About this exercise
Write out nothing but the lines from the first line of the entries below through the line with "Selling a beautiful"; no pictures go in.

[Opening Excerpted data section]

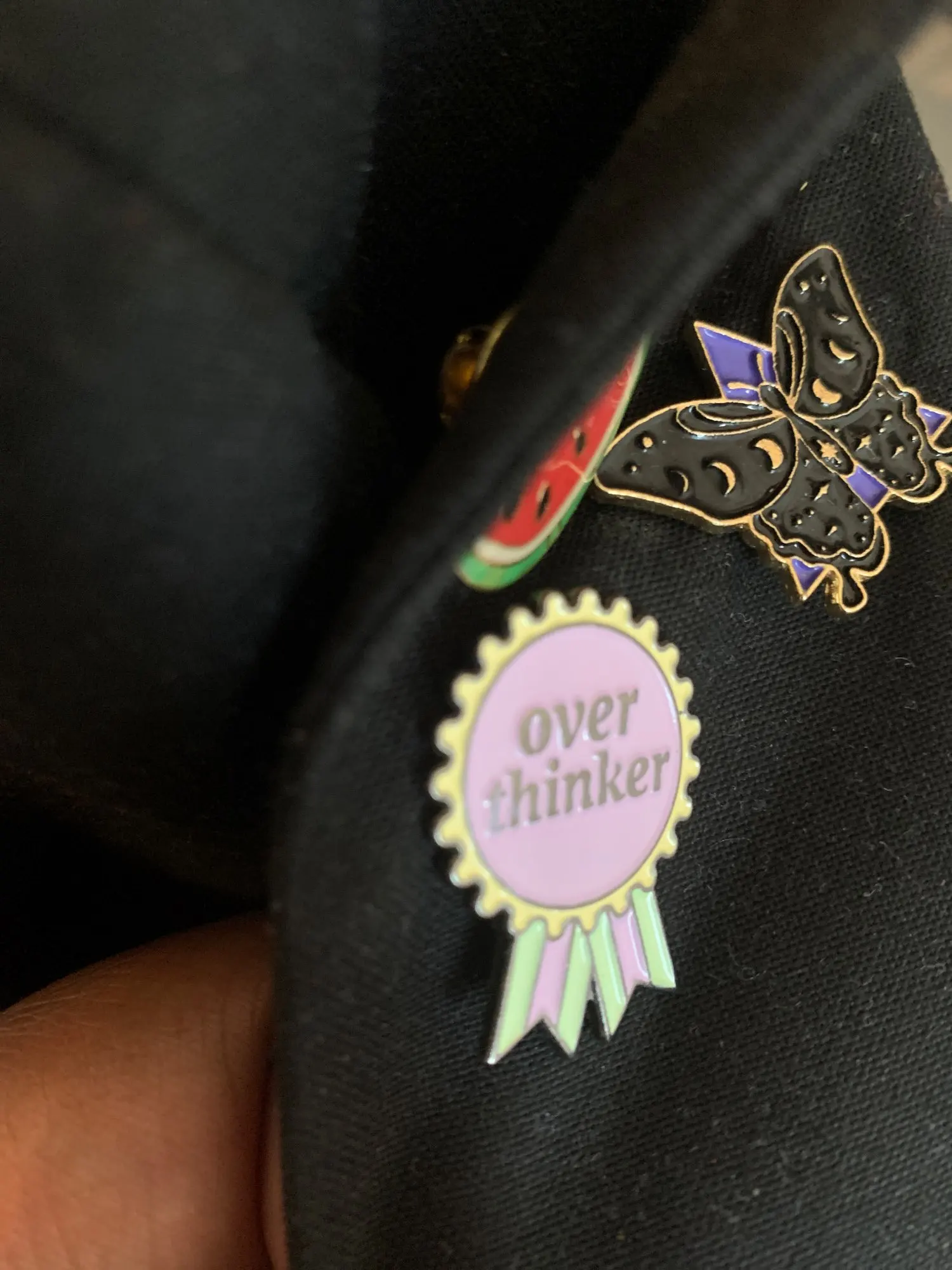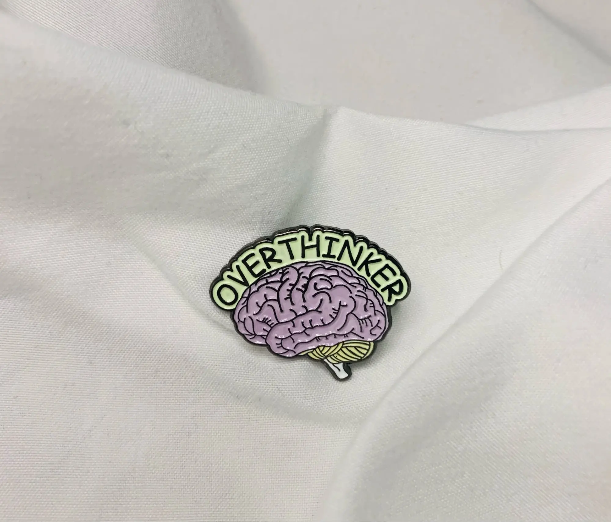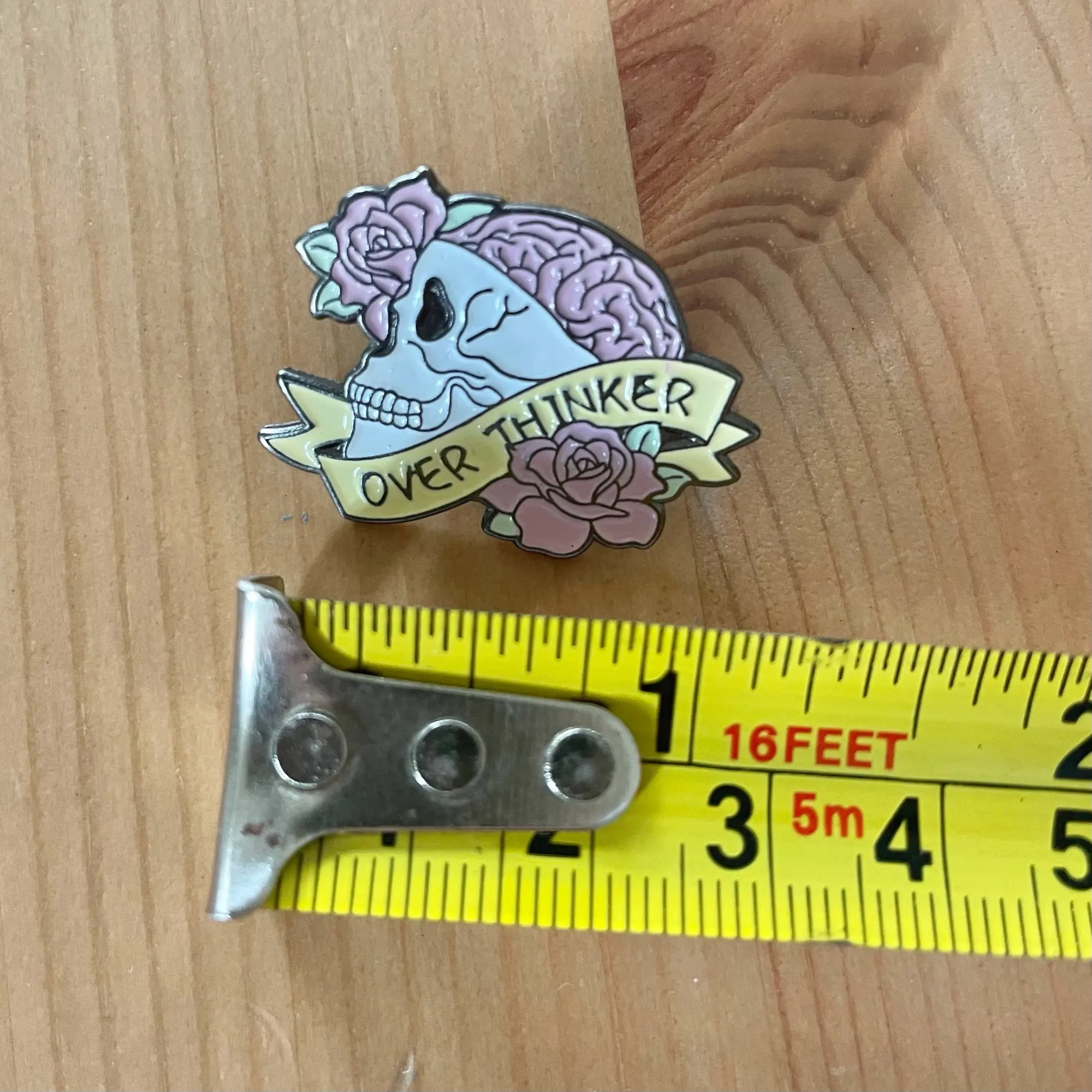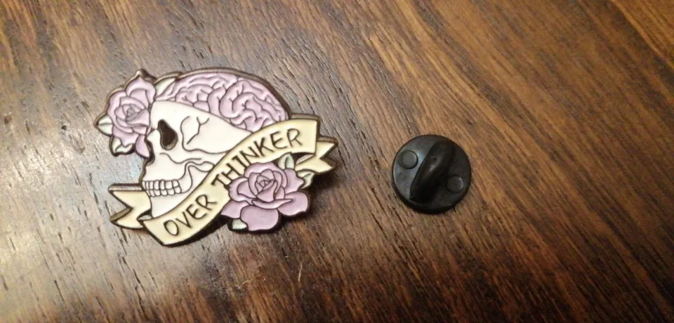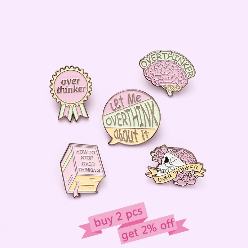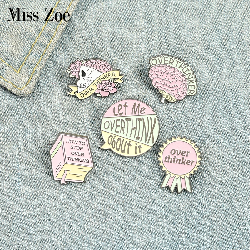 Эмалированный значок Overthinker, награда за перемышление, Череп, книга, мешочек для брошек, Нагрудный значок, мультяшный значок, ювелирное изделие, подарок для друзей
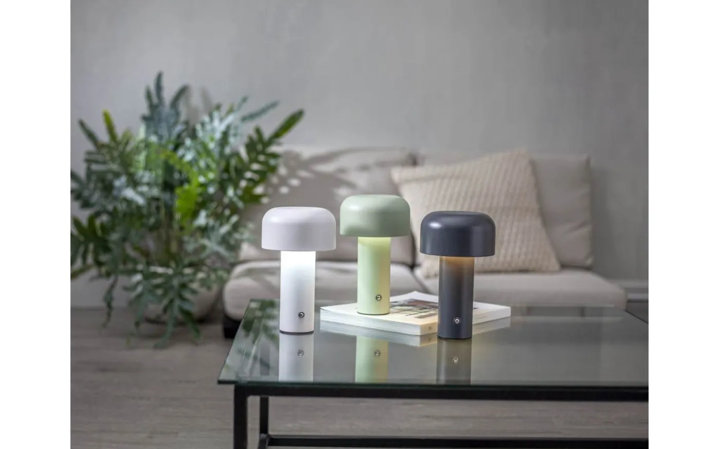 Uppladdningsbar bordslampa med tre färgtemperaturer (varmvitt, kallvitt, dagsljus), detta justeras med ett lätt tryck på knappen och håll sedan in knappen för att dimma till önskad ljusstyrka.
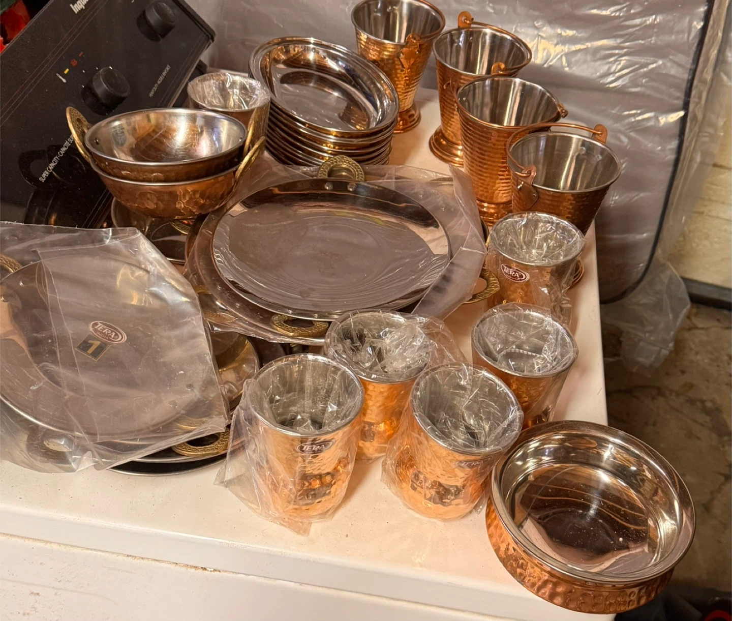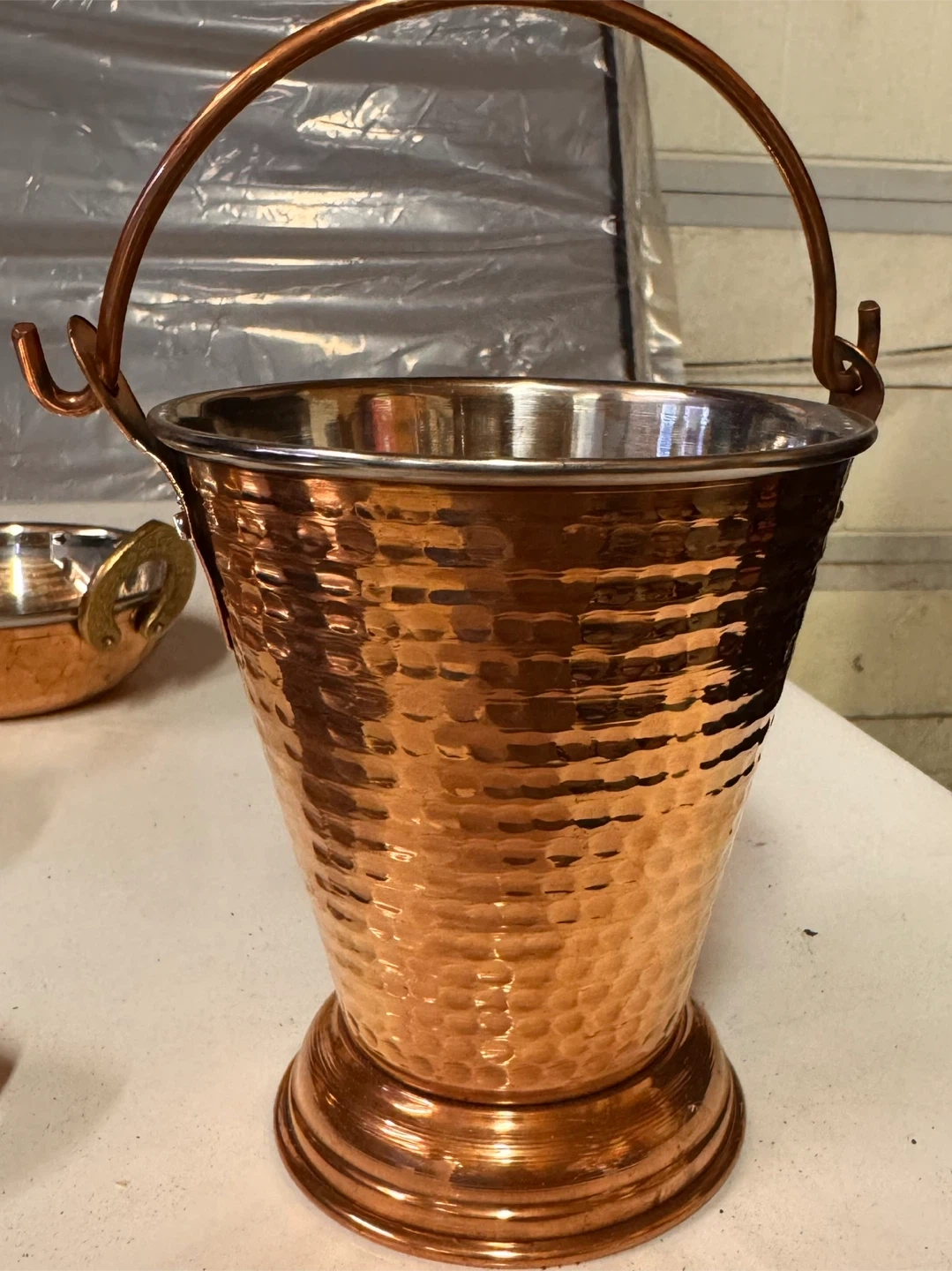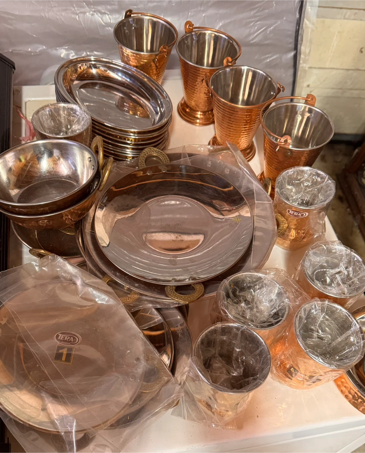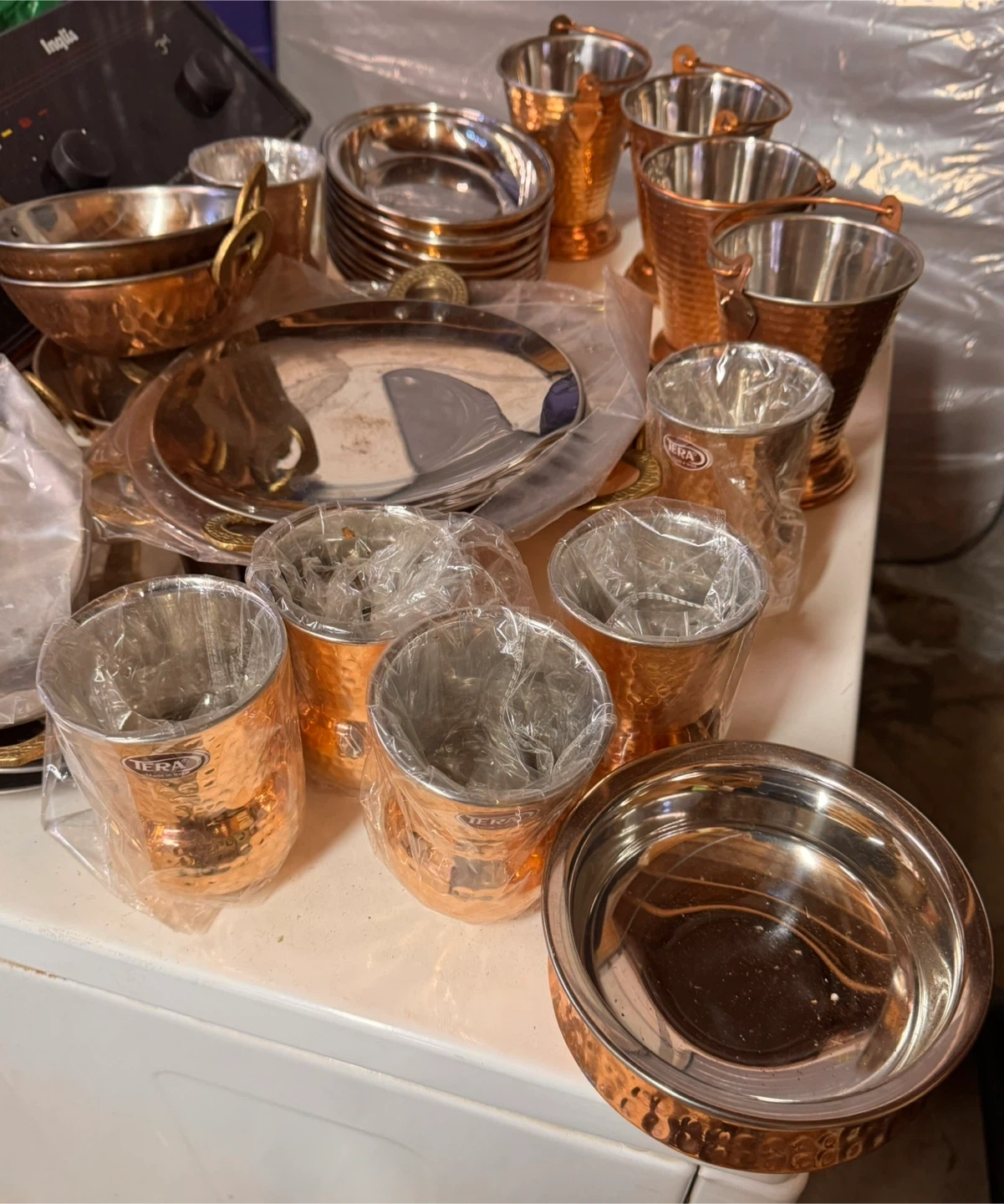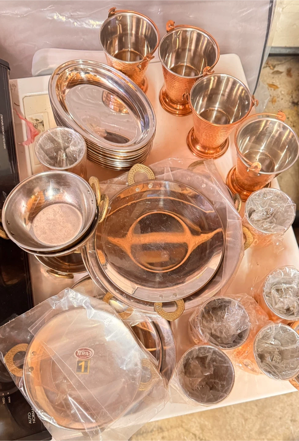 Selling a beautiful cookware set with a mix of stainless steel and copper finishes! Includes various serving plates in different sizes bowls, perfect for adding a touch of elegance to your kitchen. The set appears to be in new condition and ready for a new home! Some opened some still in packaging 4 buckets. -8 each 10 serving dishes. -8 each 16 kadhai. -12”,10”,8”,6”in size. -$8 each 1 bowl-$10 6 glasses-$50
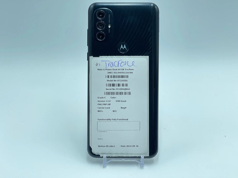 PAYMENT - Payment is due when item is ended. If payment is not received within 4 DAYS , the order will be automatically cancelled resulting in a strike on buyer's account. Buyers with 2 or more unpaid items will no longer be able to make offers or purchases from Warehouse Wireless. RETURNS - Returns are accepted within 60 days of purchase. We do not offer replacements or partial refunds. Original purchase price will be refunded after receipt of return. SHIPPING - USPS requires all electronics with lithium batteries be shipped using Parcel Select. Shipping times vary depending on location and are estimates only. Unfortunately, we are unable to offer USPS Priority, USPS Express, or FedEx Express shipping options. Motorola Moto G Power 64GB XT2165DL (Tracfone) Black Firmware: Android 12.0 - S3RQS32.20-42-10-6-10-5 THE PHOTOS ABOVE ARE REPRESENTATIVE OF THE DEVICE, NOT OF THE ACTUAL DEVICE. This item does not include a charger or any other accessories CARRIER - Tracfone IMEI/ESN - 351394591216306 Device is CLEAR FOR ACTIVATION - Please contact us right away if you do experience any problems with activation. DESCRIPTION - This item is in FAIR cosmetic condition. It reflects MODERATE to HEAVY USE and has MANY scratches and/or blemishes. Functional Condition Test Results: Passed Accelerometer Bluetooth Digitizer Earpiece Flashlight Front Camera Front Camera Quality Glass Condition Gyroscope Headset Port Headset-Left Headset-Right LCD Loud Speaker Microphone Power Button Proximity Sensor Rear Camera Rear Camera Quality Screen Rotation Vibration Video Microphone Volume Down Button Volume Up Button M-Network Connectivity M-Sim Reader 1 WiFi+GPS Failed Sim Reader Test
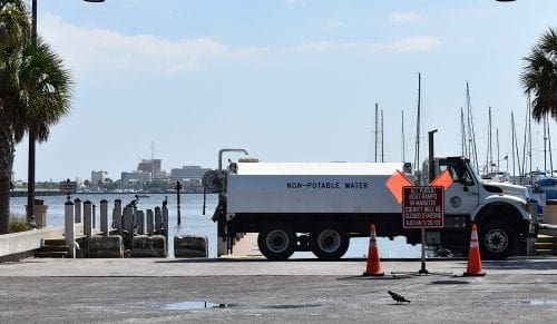 This potable water truck was used to block one side of the Riverside Boat Ramp Thursday afternoon after it closed for the day. – Joe Hendricks | Sun

[Closing Excerpted data section]

Written reply
 Эмалированный значок Overthinker, награда за перемышление, Череп, книга, мешочек для брошек, Нагрудный значок, мультяшный значок, ювелирное изделие, подарок для друзей
 Uppladdningsbar bordslampa med tre färgtemperaturer (varmvitt, kallvitt, dagsljus), detta justeras med ett lätt tryck på knappen och håll sedan in knappen för att dimma till önskad ljusstyrka.
 Selling a beautiful cookware set with a mix of stainless steel and copper finishes! Includes various serving plates in different sizes bowls, perfect for adding a touch of elegance to your kitchen. The set appears to be in new condition and ready for a new home! Some opened some still in packaging 4 buckets. -8 each 10 serving dishes. -8 each 16 kadhai. -12”,10”,8”,6”in size. -$8 each 1 bowl-$10 6 glasses-$50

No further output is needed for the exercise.